Gary Littman


Garry Littman is the owner and director of The Language House in Geneva which organises English language training for professional people, companies and students. He was a radio and newspaper journalist in his native Australia and ran a restaurant in Kathmandu in his younger days. He is an English language trainer and an aficionado of pétanque.

Nail houses, nunchuks and tattoos

The Chinese call them nail houses (dingzihu) because, like stubborn nails, they are difficult to remove.

In English they are more commonly referred to as holdouts; properties that their owners refuse to leave to make way for new construction. (The phrasal verb, to hold out, means to resist or survive in difficult circumstances).

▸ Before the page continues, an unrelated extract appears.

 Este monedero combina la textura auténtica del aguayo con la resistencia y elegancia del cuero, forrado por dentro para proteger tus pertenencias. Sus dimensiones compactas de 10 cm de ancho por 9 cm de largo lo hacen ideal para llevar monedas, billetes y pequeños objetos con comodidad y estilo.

Most of them end up being demolished to make way for skyscrapers, highways, airports and shopping centres. Some remain bizarre monuments to the past. They are the timber, bricks and mortar Davids who doggedly hold out against the cement and steel Goliaths of progress.

Here are the stories of five nail houses and their stubborn nails (owners).

Edith the urban legend

In 2006, Edith Macefield, aged 86, refused to sell her house in Ballard, Seattle to developers, despite being offered almost 10 times its value. She became an urban legend, inspired the Pixar film Up, and launched a genre of tattoos. She has a revered following in China and Korea, home of the world’s most extraordinary nail houses.

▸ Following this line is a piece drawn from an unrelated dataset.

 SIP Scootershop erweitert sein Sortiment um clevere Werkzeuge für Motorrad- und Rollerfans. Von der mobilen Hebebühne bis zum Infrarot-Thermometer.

Edith Macefield’s home in Ballard, Seattle

 A scene from the Pixar animation UP

 Londons’ gap tooth

The Wickham Department Store in the East End in London was built in 1927 and promoted as the Harrods of East London.

However, the three Spiegelhalter brothers who were all born on the premises refused to part with their home and jewellery shop, leaving a Vanessa Paradis gap tooth in the façade of the impressive department store. (Halt in German and English means stop).


 The Wickham gap tooth

Landing on the farm

Anyone flying into Japan’s Narita International Airport may be alarmed to see a farm house and farmlands in the middle of the airport. Some farmers refused to leave their lands when the second runaway was built. For many years the second runway was unused, blocked by farmers living and working within 400 metres of its southern end.

The Narita Airport farm

Nails and nunchuks

But none of these holdouts come close to surreal history of the nail house of Chongqing in the south-west of China. In 2004, 280 homeowners moved out, leaving Wu Ping and her husband, Yang Wu, in a lonely struggle.

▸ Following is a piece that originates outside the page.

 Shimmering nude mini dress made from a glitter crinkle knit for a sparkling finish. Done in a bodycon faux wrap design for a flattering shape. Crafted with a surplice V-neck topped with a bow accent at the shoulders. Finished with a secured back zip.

Their refusal to leave tapped into national resentment against corrupt developers and local officials who were known to use violence and intimidation to evict tenants. The block was excavated to lay foundations. It left their home an island, sitting on a 10 metre high mound of soil.

No-one was quite brave enough to threaten Yang Wu, a martial arts expert. Legend has it, that after being forced out, he reoccupied his house by using a pair of nunchuks to sculpt 10 metres of stairs from the bottom of the pit to his front door before hoisting the national flag to the top of his house. In 2007 an agreement was reached and the house was demolished.


China’s most famous nail house

Living in the fast lane

Duck farmers Luo Baogen and his wife refused to make way for a major highway. Contractors were forced to build the road around their house in China's eastern Zhejiang province.

Mr Luo was the only one of 459 households to reject the relocation plans. After a four year stalemate the house was demolished.